I know that my idea is completely rectally-sourced, but I feel that the less time that we have to think about an element of an interaction, the less likely we are to go into the nasty "flame mode" we see.

But there's exceptions to every case (especially when human nature is involved). I actually know people that are so emotionally broken, that every interaction that they have; regardless of the context and medium, is a fight.

They tend to be lonely and angry. It becomes a self-fulfilling prophecy.

cindyllm 6 days ago | parent [-]

[dead]

ChrisMarshallNY 7 days ago | parent | prev | next [-]

I think that part of it, is that when we are engaging with people in realtime (especially face to face), our emotional driver is behind the wheel, and when there's a pause between responses, our analytical driver has time to grab the wheel, and that's where the "dehumanization" comes from.

That's not always a bad thing. In emotionally-charged situations, that "few seconds of consideration" can help stabilize the interaction.

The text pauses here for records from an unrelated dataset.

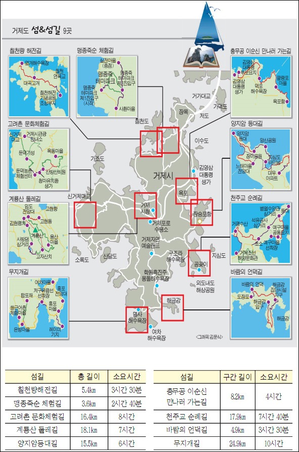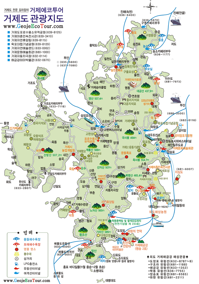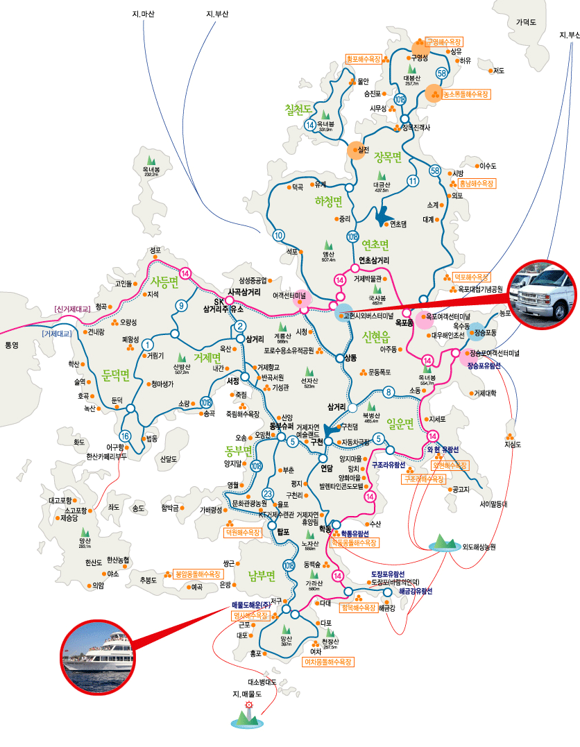 거제도 관광지도 및 거제 섬 & 섬길 지도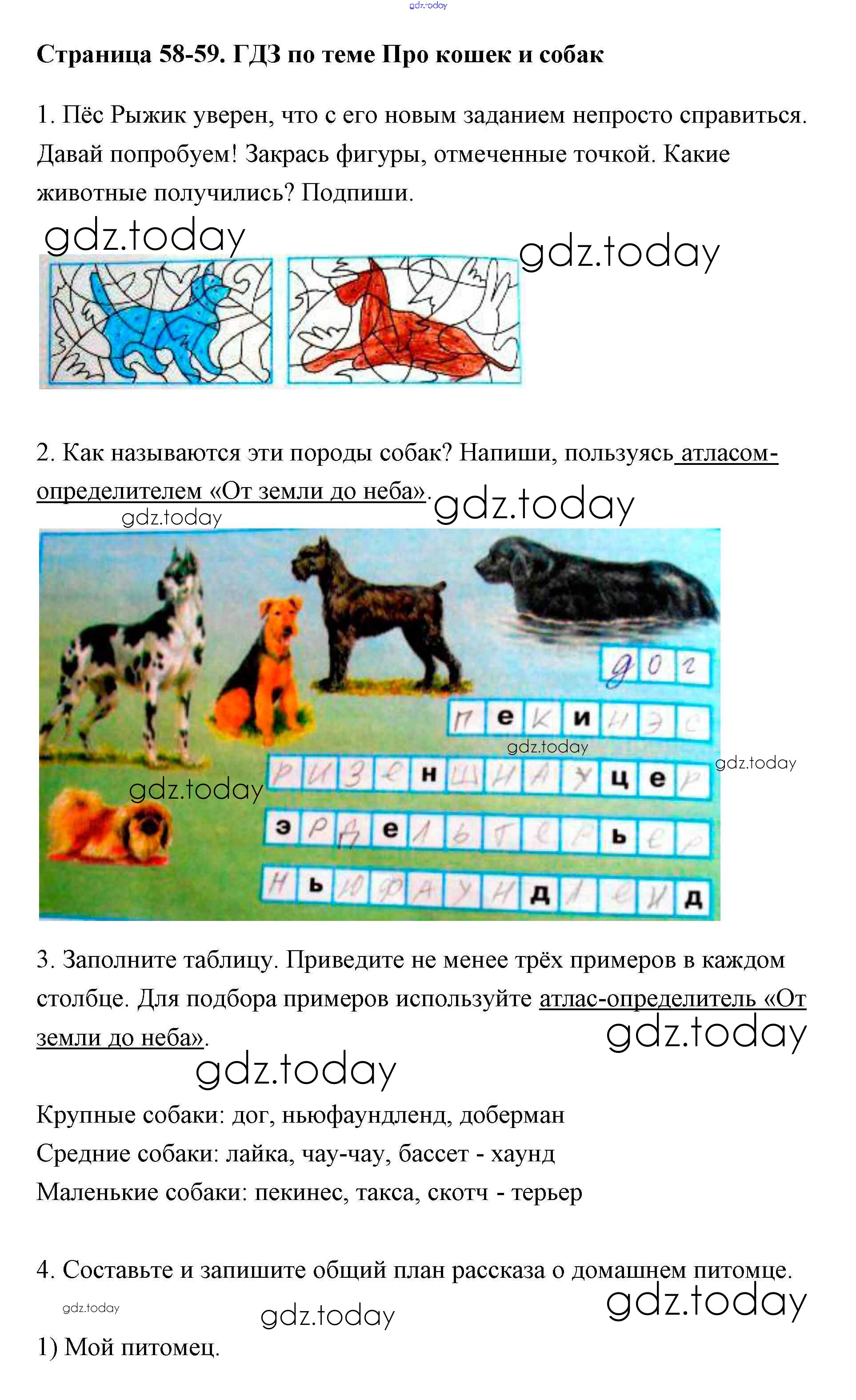 На страницах сайта gdz.today вы найдете учебный и вспомогательный материал, направленный на улучшения знаний школьной программы. ГДЗ - онлайн мир знаний Решение к части 1 (Страницы) 58-59 Рабочей тетради по Окружающему миру для 2 класса Плешаков Просвещение Школа России 2016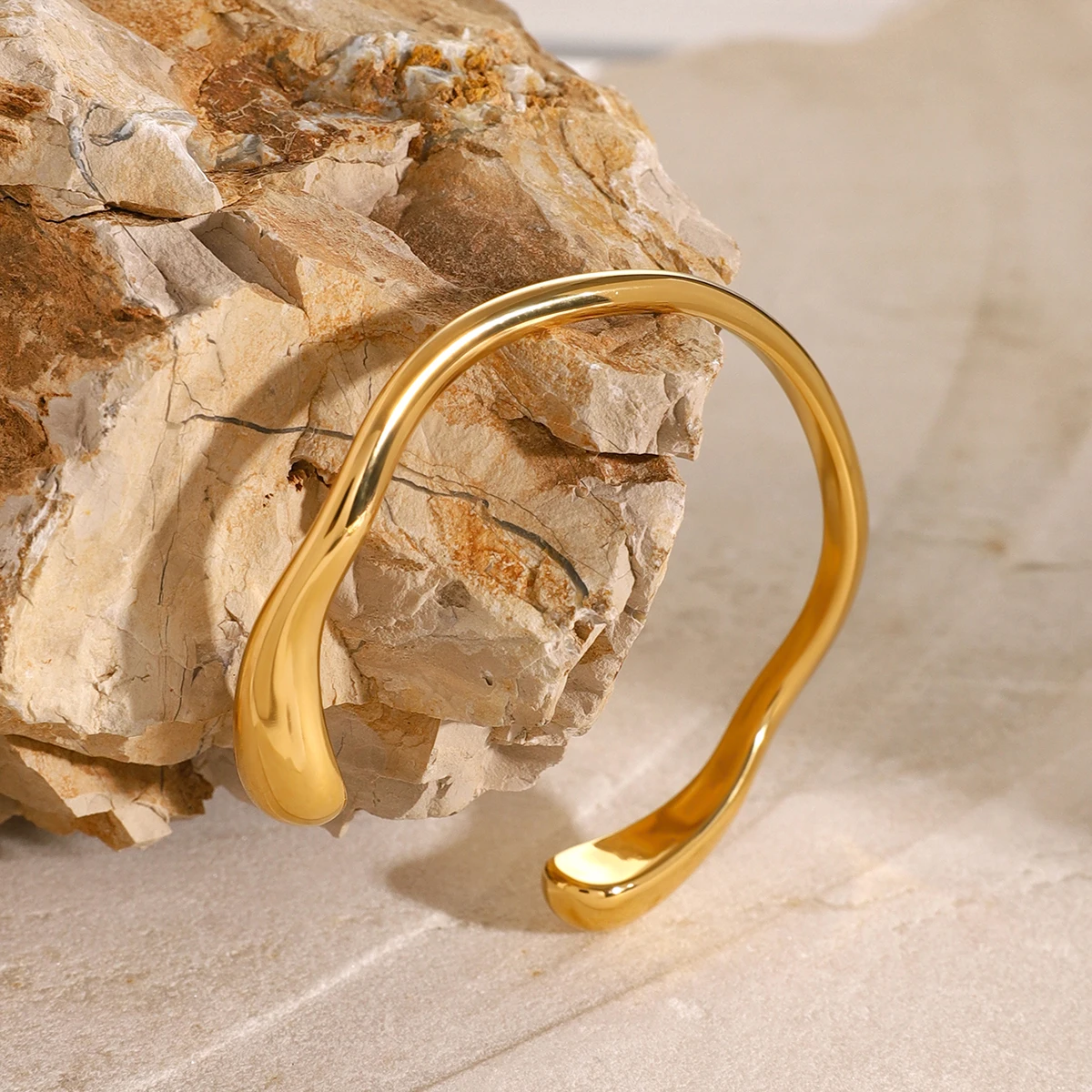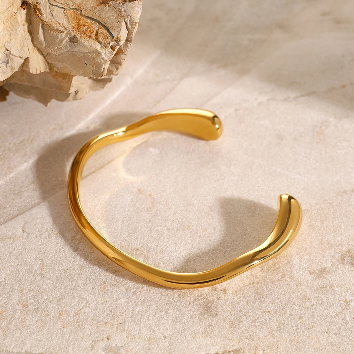 Experience effortless elegance with this modern stainless steel cuff bracelet, designed for women who appreciate minimalist luxury. Its open-ended, flexible design makes it easy to slip on and adjust to your wrist smoothly. Crafted from high-quality stainless steel coated in shiny gold, it radiates sophistication and durability. The irregular textured surface adds a trendy, contemporary touch, ensuring it stands out whether you’re heading to a casual outing or a formal event. Rounded, smooth ends provide comfort and prevent sharp edges, making it suitable for all-day wear. The slightly curved shape wraps beautifully around your wrist, enhancing your everyday style with a fashionable yet practical accessory. Elevate your wardrobe effortlessly with this versatile bracelet.

People claim that it's the lack of consequences, and illusion of safety, but I feel as if it's really the emotional disconnection that does it.

lordnacho 7 days ago | parent | prev | next [-]

Anonymity is one aspect, for sure. But also, people often have not taken in the lesson of interpreting generously. They take the worst interpretation of the words, and often add a few imagined things that were never written (oh you like healthcare, you communist?). This is worse in written form because the feedback loop is longer, but it being written makes it feel like the author has had plenty of time to think about it.

Forums are also the kind of place that everyone thinks are populated by political bots. Believing every other comment is written in bad faith is going to change how you behave.

When you think of arguments as a kind of battle, you end up forgetting the person on the other side.

lossolo 7 days ago | parent | prev [-]

A long time ago, you would only interact with humans from your own tribe. Most of your actions had direct consequences for you, and you interacted with these people every day. Your life and wellbeing depended on that group and your social status. Then came local communities, followed by the global village, with access to eight billion people you will never meet or know. You can say whatever you want to them and face no real consequences, you can simply block them if you wish.